La Svezia, infatti, ha presentato una richiesta di estradizione alle autorità britanniche. Forte è il sospetto che tale richiesta sia finalizzata a estradarlo in realtà negli USA, dove lo attendono 16 capi d’imputazione ai sensi della Legge sullo spionaggio e uno ai sensi della Legge sulle frodi e gli abusi informatici. I servizi segreti americani hanno messo in moto la macchina che stritola Assange.

Free Julian Assange

Il 16 dicembre, dopo nove giorni di carcere a Londra, è rilasciato su cauzione e la decisione sulla richiesta di estradizione in Svezia rinviata. L’accusa per spionaggio negli Stati Uniti può costargli l’ergastolo, o addirittura la pena di morte. Quando nel giugno 2012 la Corte Suprema britannica rigetta il ricorso presentato contro il via libera all’estradizione, il giornalista viola la libertà condizionata e sceglie di recarsi presso l’ambasciata dell’Ecuador chiedendo asilo politico. Il presidente ecuadoriano Rafael Correa glielo concede e Assange, nella condizione di rifugiato, vi rimane per quasi sette anni!
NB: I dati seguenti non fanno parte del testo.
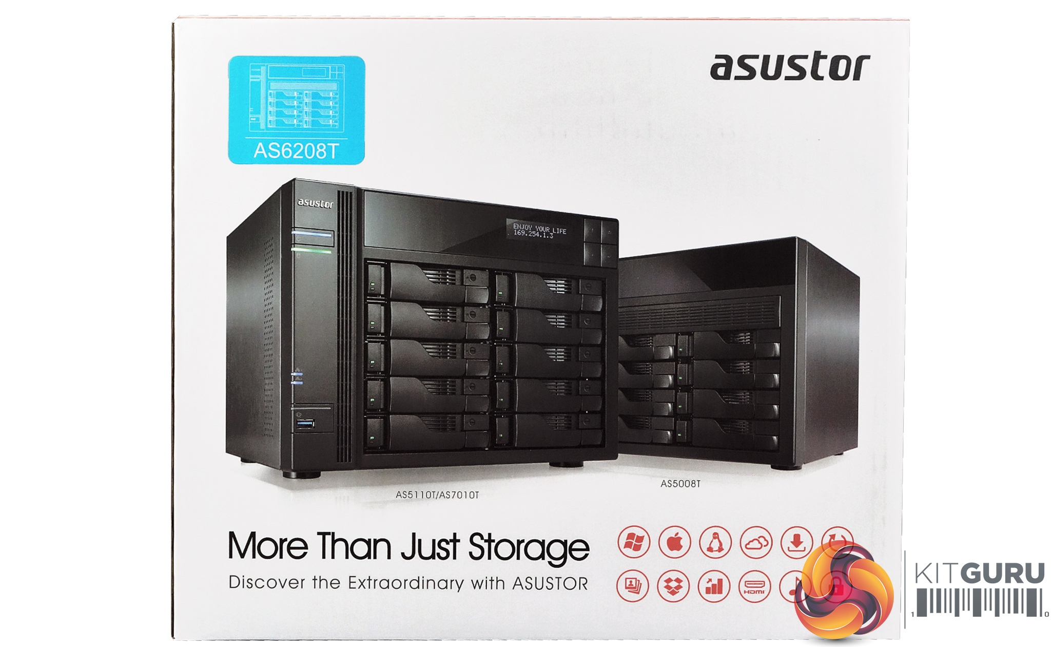 As you might imagine, an eight bay NAS ships in a rather large box. The front of the box oddly has images of the AS5008T eight bay NAS and the AS5110T/AS7010T ten bay NAS with just a sticker showing an outline image of the AS6208T.

L’attività di WikiLeaks continua. Nel 2016, durante le primarie presidenziali del Partito Democratico in USA, pubblica delle e-mail inviate e ricevute dalla candidata Hillary Clinton dal suo server  privato, quando era Segretario di Stato, dimostranti il coinvolgimento di Arabia Saudita e Qatar – ovvero due fedeli alleati americani – in varie azioni di supporto ai terroristi dello Stato Islamico (ISIS).

Il secondo arresto, il trasferimento nel carcere di Belmarsh e la campagna per la liberazione.

Nel 2017 il nuovo presidente dell’Ecuador è Lenín Moreno e l’atteggiamento nei confronti del loro scomodo rifugiato politico cambia. Il 1° maggio 2019, sicuramente su pressione americana, viene ritirato lo status di protezione e Scotland Yard può procedere all’arresto di Julian Assange. Condannato dal tribunale di Westminster al massimo della pena – 50 settimane di prigione – per aver violato nel 2012 la libertà su cauzione, è trasferito in isolamento nel carcere londinese di Belmarsh. Benché la Svezia a fine 2019 abbia archiviato il caso, Assange rimane in cella – in un limbo ai limiti del diritto – in attesa della decisione di estradizione negli USA.

Le sue condizioni di salute psico-fisica si deteriorano e nel frattempo, il 23 maggio 2019, il governo statunitense lo ha accusato ulteriormente della violazione dell’Espionage Act, una legge del 1917 (che provoca le proteste anche della stampa americana): è il 18° capo d’accusa!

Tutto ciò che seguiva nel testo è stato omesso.